==== DATA FOR ANALYSIS ====

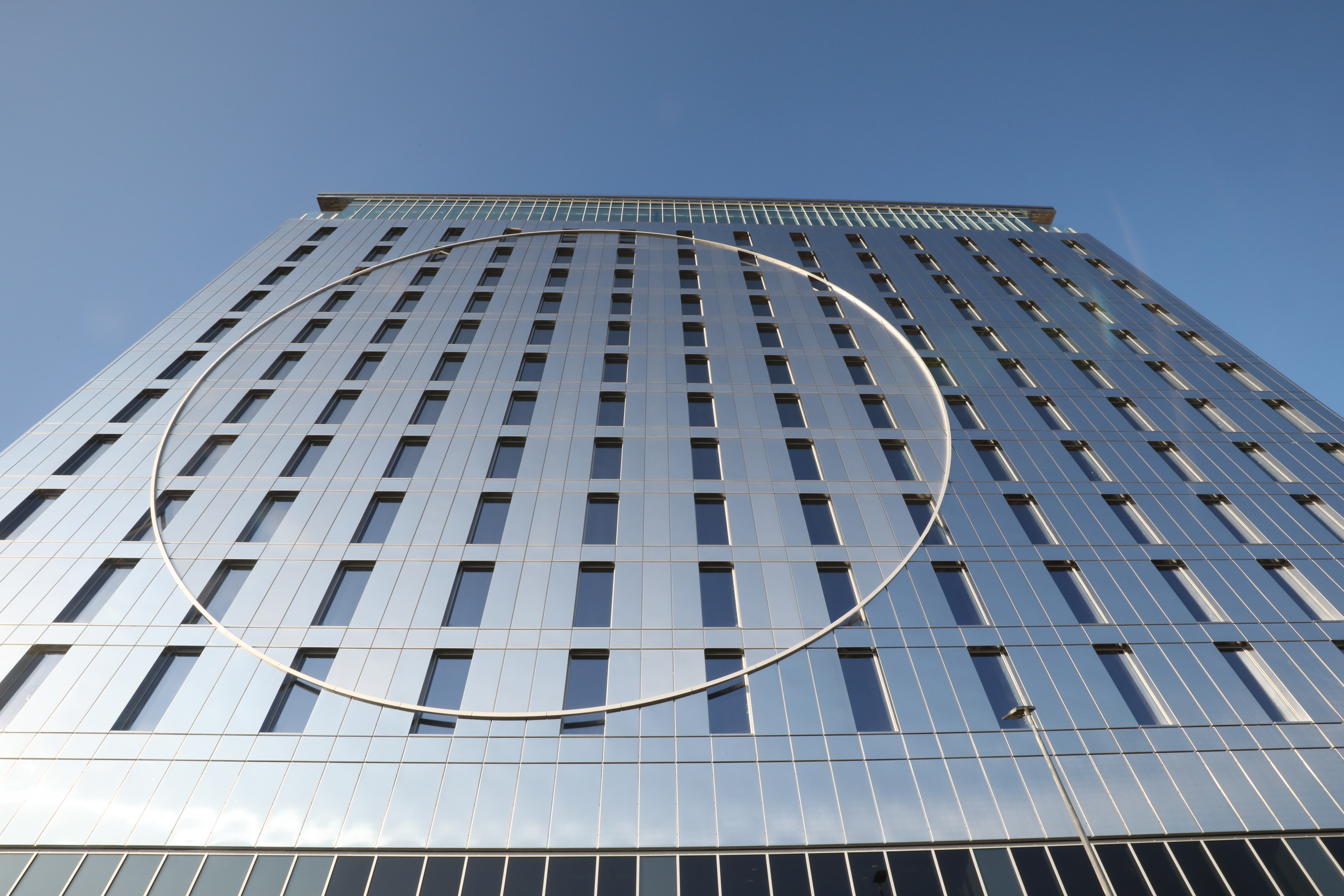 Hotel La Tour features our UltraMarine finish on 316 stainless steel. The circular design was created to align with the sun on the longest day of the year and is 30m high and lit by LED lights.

====
==== DATA FOR ANALYSIS ====

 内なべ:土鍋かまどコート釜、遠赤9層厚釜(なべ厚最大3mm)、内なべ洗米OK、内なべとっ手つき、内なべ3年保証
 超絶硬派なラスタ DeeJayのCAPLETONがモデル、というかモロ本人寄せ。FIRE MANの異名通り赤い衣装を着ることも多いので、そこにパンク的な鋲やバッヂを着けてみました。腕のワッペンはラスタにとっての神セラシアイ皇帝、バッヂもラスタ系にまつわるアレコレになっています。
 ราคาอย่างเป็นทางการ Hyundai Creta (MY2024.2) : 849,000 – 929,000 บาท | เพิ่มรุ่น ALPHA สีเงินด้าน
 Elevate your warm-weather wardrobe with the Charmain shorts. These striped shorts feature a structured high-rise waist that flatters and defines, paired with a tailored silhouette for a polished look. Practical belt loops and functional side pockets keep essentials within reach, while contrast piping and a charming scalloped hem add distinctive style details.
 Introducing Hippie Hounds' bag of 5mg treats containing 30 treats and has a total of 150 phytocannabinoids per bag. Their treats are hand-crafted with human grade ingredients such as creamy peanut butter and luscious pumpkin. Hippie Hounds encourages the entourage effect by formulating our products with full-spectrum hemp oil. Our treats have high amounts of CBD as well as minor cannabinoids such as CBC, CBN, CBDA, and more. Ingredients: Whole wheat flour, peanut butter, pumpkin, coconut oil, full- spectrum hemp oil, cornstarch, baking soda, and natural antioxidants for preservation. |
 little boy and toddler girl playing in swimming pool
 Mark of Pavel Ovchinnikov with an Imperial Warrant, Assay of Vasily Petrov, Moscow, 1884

====

• TASK TO COMPLETE:
Taking the listing above as the source, transcribe only the lines starting at the line with "little boy and" and going through the line with "Mark of Pavel", unaltered and with both ends included.

• WRITTEN SOLUTION:
 little boy and toddler girl playing in swimming pool
 Mark of Pavel Ovchinnikov with an Imperial Warrant, Assay of Vasily Petrov, Moscow, 1884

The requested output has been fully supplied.